> **Task to carry out**
Repeat exactly the lines that begin at the one containing "Versand: Nach der" and end at the final line of the records; include no pictures and nothing else.

> **Recorded information**

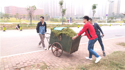 党员捐赠林杂草灌木丛生,且暗藏倒刺,同学们小心翼翼,齐心协力,在学校园丁的帮助下,将党员捐赠林清扫干净;在第五教学楼旁劳动的学员也不甘落后,用铲子、用夹子、用手将道路旁和绿化带内的零碎垃圾一点点清扫干净。
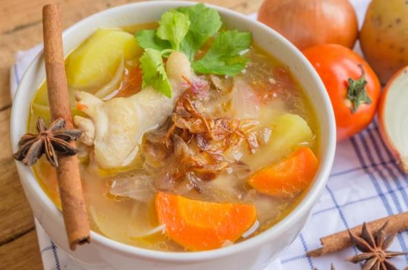 4. Zatim dodati tikvicu i bundevu, dinstati još pet minuta. Uliti pileću supu, staviti pasulj, paradajz, lorber i peršun. Dodati pileće meso u lonac i kuvati još oko jedan sat.
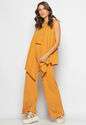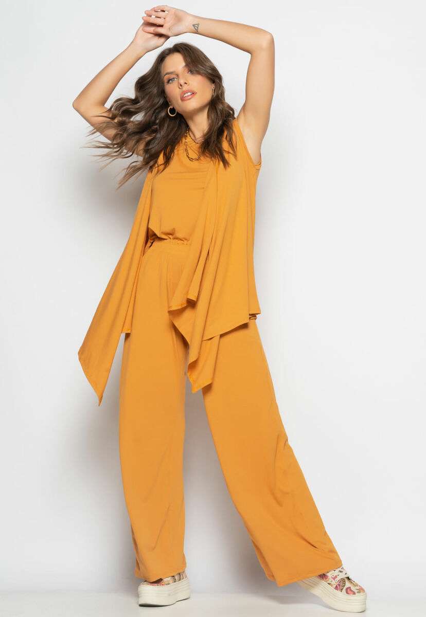 Conjunto Com Kimono, Regata e Wide Leg Malha Caramelo Salvatore
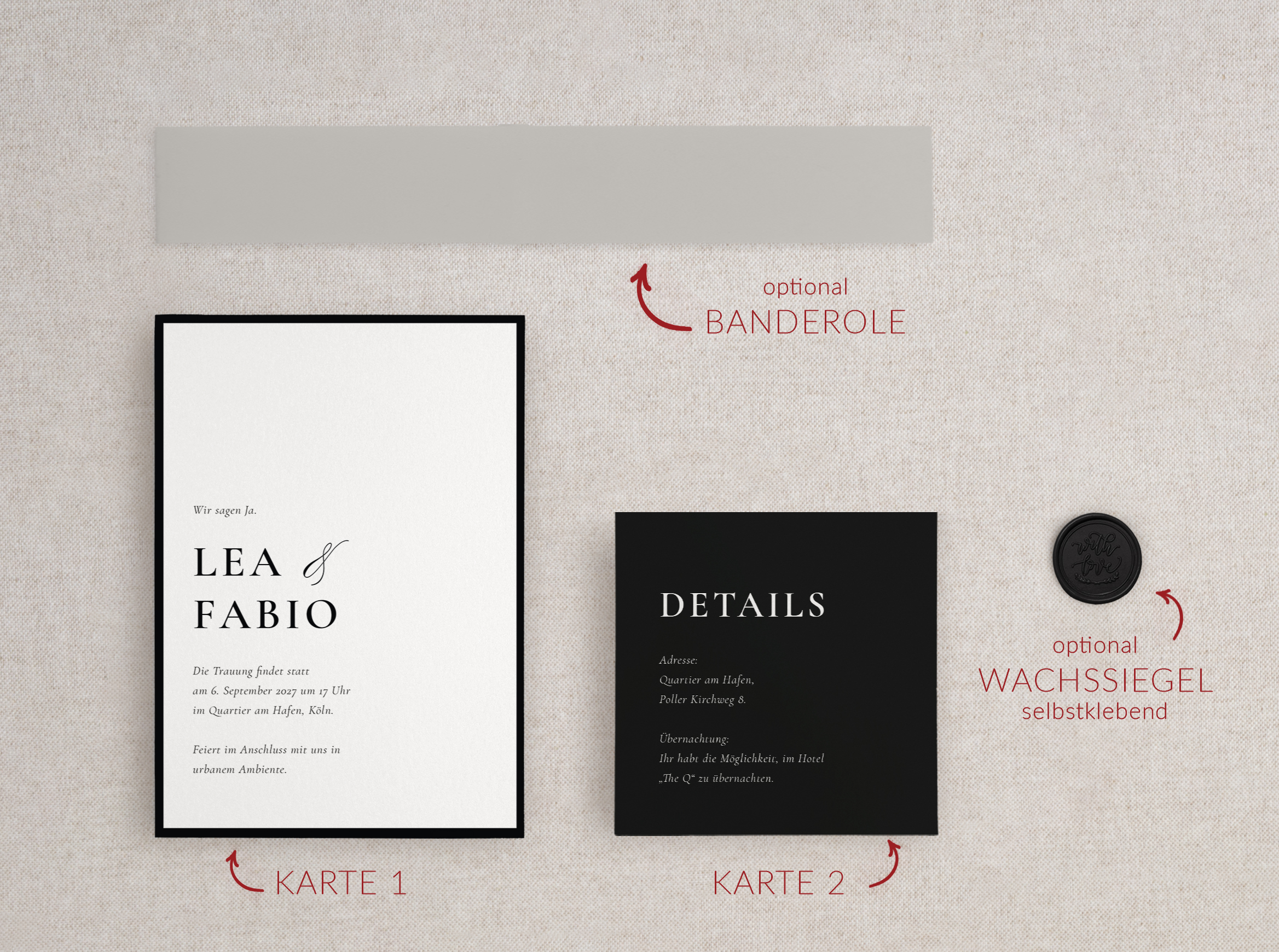 Versand: Nach der Druckfreigabe benötigen wir in der Regel 5–7 Werktage, bis deine Papeterie sorgfältig verpackt bei dir eintrifft.
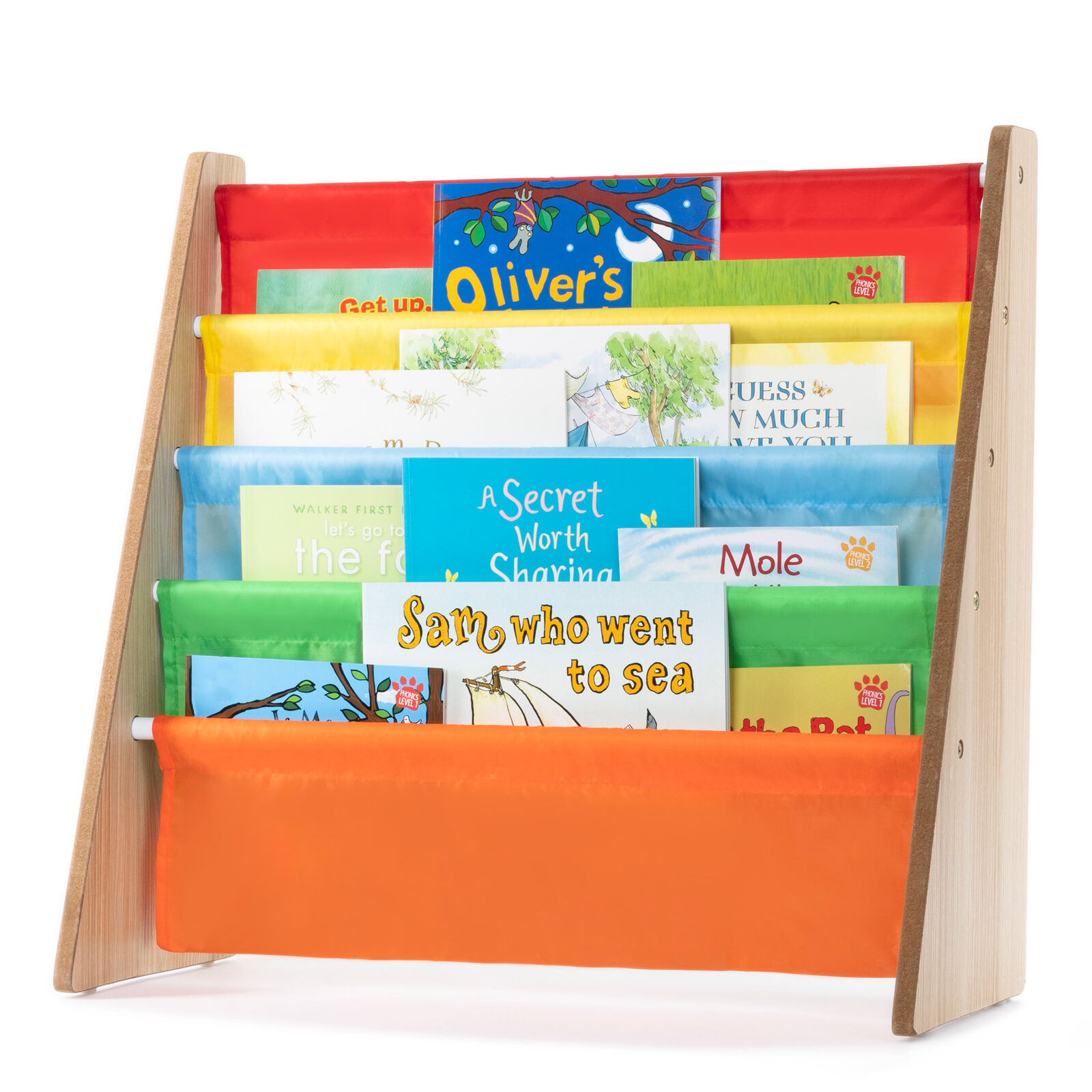 Childrens Kids Book Shelf Wooden Sling Storage Rack Organizer Bookcase Bookshelf
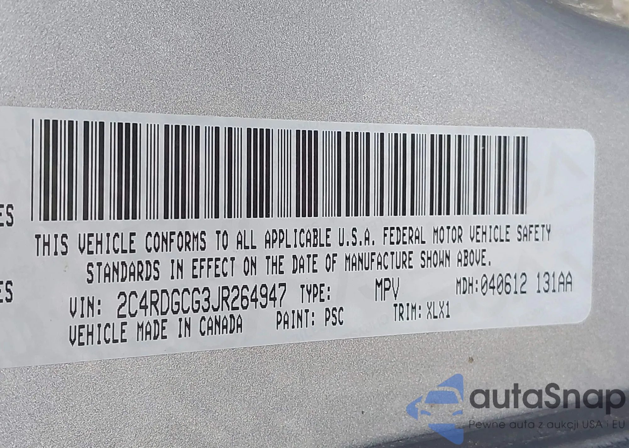 VIN: 2C4RDGCG3JR264947

> **Written answer**
 Versand: Nach der Druckfreigabe benötigen wir in der Regel 5–7 Werktage, bis deine Papeterie sorgfältig verpackt bei dir eintrifft.
 Childrens Kids Book Shelf Wooden Sling Storage Rack Organizer Bookcase Bookshelf
 VIN: 2C4RDGCG3JR264947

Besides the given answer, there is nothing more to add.